HPG

Kurdistan Halk Savunma Güçleri

24 Saat Türk Sömürgeciliğini ve Akp’yi Lanetleyelim!

Önder Apo iki aydan buyana dünyada eşine ender rastlanan bir tecrit altında tutulmaktadır. Sömürgeci Türk devletinin başbakanı Önderlik üzerindeki tecridi sürdüreceklerini açıkça adeta meydan okuyarak açıklamıştır.  Gerillaya dönük imha saldırıları hızından hiç bir şey yitirmeden devam etmektedir. Hemen hemen her gün savaş uçaklarıyla medya savunma alanlarına yönelik saldırılar yürütülmektedir.  Kandildeki bu kapsamda yürütülen saldırıların sonucunda vücutları param parça olan çocuklarımızın bedenleri hala gözlerimizin önündedir. Uğur’un, Enes’in,  Mehmet’in, Ceylan’ın ve Solin’in bakışları üzerimizdedir.  Siyasal legal alana dönük siyasal soykırım operasyonlarının yoğunlaşarak sürmektedir. Uluslararası alanda Kürdistan Özgürlük Hareketini kuşatma altına almak için vermediği taviz, satmadığı değer kalmamıştır. Açıkça ABD’nin bölgedeki taşeronu olmuştur. Hareketimizi tasfiye karşılığında ABD’nin uşaklığını yapmaya devam etmektedir.

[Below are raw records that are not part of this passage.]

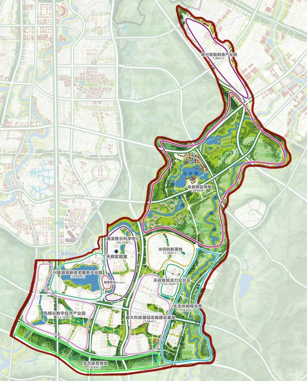 根据官方介绍,鹿溪智谷科学中心规划面积10.7平方公里,集中布局中科院、中物院等国家级科研机构;兴隆湖高新技术服务产业园规划面积10.4平方公里,布局新经济产业园、央企研发中心和校院地协同创新区;凤栖谷数字经济产业园规划面积14.7平方公里,布局天府无线谷、凤栖软件园等数字经济产业园区。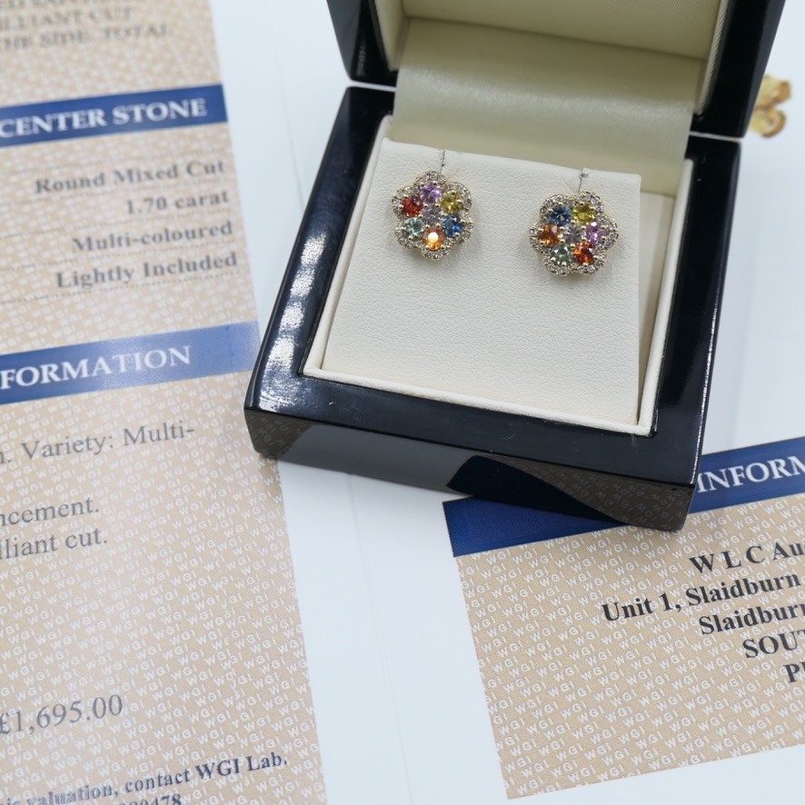 - > Natural Multi-Coloured Sapphire 1.70ct & Diamond 0.22ct Flower Shaped Cluster Earrings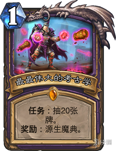 炉石传说术士新任务卡,最最伟大的考古学效果介绍。在奥丹姆的奇兵扩展中,随着任务牌的回归,有三张新任务牌加入,这张术士的考古学就是其中之一,那么他有什么效果呢。一起来看看吧。最最伟大的考古学效果介绍最最伟大的考古学费用:1效果:任务:抽20张牌。奖励:源生魔典源

AKP hükümeti Kürdistan Özgürlük Hareketi ve Kürt halkı için tasfiye amacıyla söyleyeceğini söylemiş, yapacağını da yapmaya başlamıştır. Neler yapacağını da, bir tasfiye konsepti ve programı biçiminde kamuoyuna açıklamıştır.  Bunu yaparken de öyle yasa hukuk, ahlak, insanlık değerleri vb. değerleri gözetmemektedir. Buna en ufak bir ihtiyaç dahi göstermiyor.

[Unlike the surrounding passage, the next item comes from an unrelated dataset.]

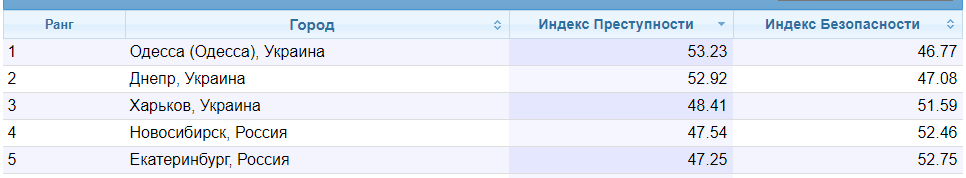 Если же смотреть на общую картину, то возглавляет список Одесса: здесь индекс преступности достиг отметки в 53,23. А самая низкая преступность – в городе Клуж-Напока в Румынии (20.43).

Göstermesi de beklenmemelidir.  Bir sömürgeciden, düşmandan böyle beklentiler içinde olmak, Türk sömürgecilik gerçeğinden ve tarihten habersiz olmak anlamına gelmektedir.

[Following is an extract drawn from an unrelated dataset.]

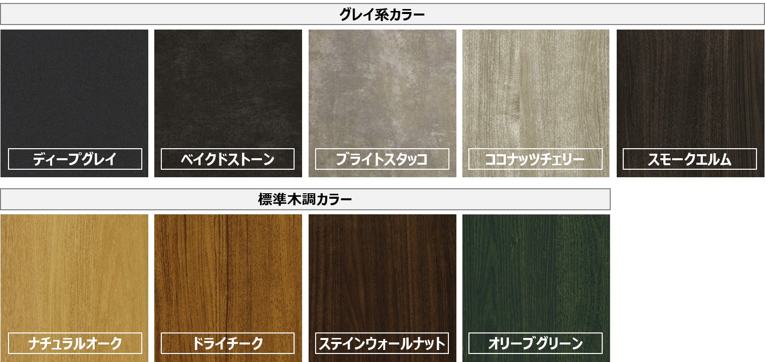 住宅トレンドであるローコントラストなグレイ系カラーを5色拡充し、モダン住宅の外観コーディネイトの幅を広げます。また、ベーシックなライト・ミディアム・ダークの木調色も現在の住宅に調和しやすいよう、彩度を抑えた色調へ変更し、より建物に馴染む風合いへ刷新します。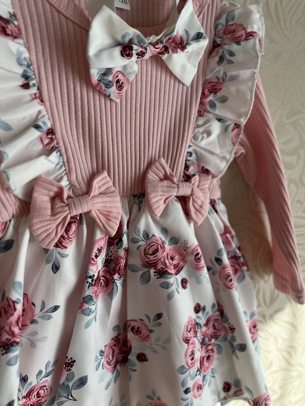 Сукня-боді для дівчинки у розмірі 80см(9-12м) Чудовий пошив, зручна, легенька, приємний до тіла рубчик. Красиво виглядає, стан ідеальний, як новий!

AKP hükümeti bunu neden yapıyor? Bilindiği gibi Türkiye Cumhuriyeti devletinin kuruluşu, Kürdün inkar ve imhasına açıkça karar verilmesi üzerinden yapılmıştır. Katliam ve soykırım devleti olarak kurulmuştur.  Dolayısıyla Türk devletinin kuruluş, Kürdün katliamına, yok edilmesine karar verilmesi anlamına gelmektedir. Türk devletinin ilan, varlığı Kürdün inkarıyla başlamıştır ve bu bir strateji olarak yürütülmüştür. Hükümetler değişmiş ama bu strateji dokunulmaz ve değişmez olarak kalmıştır. Bunun anlamı ise Kürt halkına ve Kürdistan’a karşı yapılan büyük ve yeminli düşmanlıktır. 1924’ten başlayarak, hazırlanan tüm anayasalarda ve çıkarılan tüm kanunlarda bu katliam-soykırım felsefesi, zihniyeti ve siyaseti vardır.   Bu aynı zamanda Türk devletinin,  Türk egemenlerinin dayandığı bir stratejidir. Dolayısıyla AKP bugün miras aldığı bu stratejiyi sürdürmek ve 21. Yüzyılda da devam ettirmek için elinden geleni yapmaktadır.  AKP’nin stratejisi de esas olarak budur.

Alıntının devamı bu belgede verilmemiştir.